UWE WEISS: Our theory is that 99 percent of operative business decisions can be automated, and to automate these decisions, you need predictive analytics. You also need the automation piece and the execution piece, the throughput and the scaling piece. You need to be able to take all of the bits and pieces in an architecture together to make a complex configuration: data signs, learning, machine learning, in memory databases, time series robustness. Add this to enterprise release management and software release management. With these components, you have a platform which can also execute on analytic insight and automate. We tell our clients, “99 percent of your operative business decisions can be done automatically; the exceptions are the ones you should work on with your team.” 99 percent of decisions today are the same decisions you have made in the past. This means you didn’t learn from the data. The automation piece is essential for the usage of predictive analytics, so we see the tendency of analytics offerings getting into this transactional execution market. We also see enterprise software companies trying to glue on predictive analytics pieces.
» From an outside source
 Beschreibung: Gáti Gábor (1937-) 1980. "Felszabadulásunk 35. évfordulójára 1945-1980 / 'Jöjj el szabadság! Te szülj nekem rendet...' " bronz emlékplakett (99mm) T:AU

LUTZ FINGER: So we are scaling up because we are using enterprise software, and we are automating the “science” aspect of this area of expertise.

UWE WEISS: Amazon, for example, has a recommendation engine with automated processes. They are the masters of business decision-making and recommendation automation. They are also the masters of using science and the enterprise software landscape.

Sustainable Growth Market

LUTZ FINGER: I was slightly surprised to see that the investment was provided by Warburg Pincus, because they are known as a private equity company. All of the other deals I listed out were made by venture capital companies. How come?
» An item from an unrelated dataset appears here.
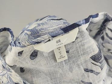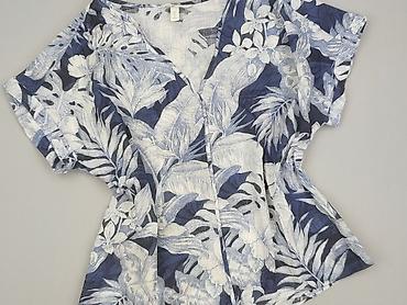Dla kobiety; kategoria: odzież damska, bluzka. Marka widoczna na metce: H&M L.O.G.G. Rozmiar z metki: M (EUR/UK). Kolorystyka: granat/biel, motyw liści monstery i kwiatów.

UWE WEISS: In looking at the maturity of the technology, many of the VC’s have made their early stage investment in predictive analytics offerings. These successful companies are already in a place of growth and not in the seed or early phases. The technology today is is ready-to–rock for an exponential growth – the technology can be applied widely. Private equity investors have seen that and they believe we are operating in a very sustainable growth market. It is healthy in terms of growth and independent from any short-term cycles or hype terms like “big data.” They see that large enterprises and many verticals require predictive capabilities. Predictive analytics is at the core of many services and initiatives. VCs have seen the opportunity in the market. We are convinced that predictive analytics is something all large enterprises and also fast-growing enterprises will use in the near future. Private equity companies believe in the long-term possibility of this market and that this market is growing independently from cycles or economic downturns. I don’t think that their investment is fashionable; I think it’s because of their fundamental belief in this sector.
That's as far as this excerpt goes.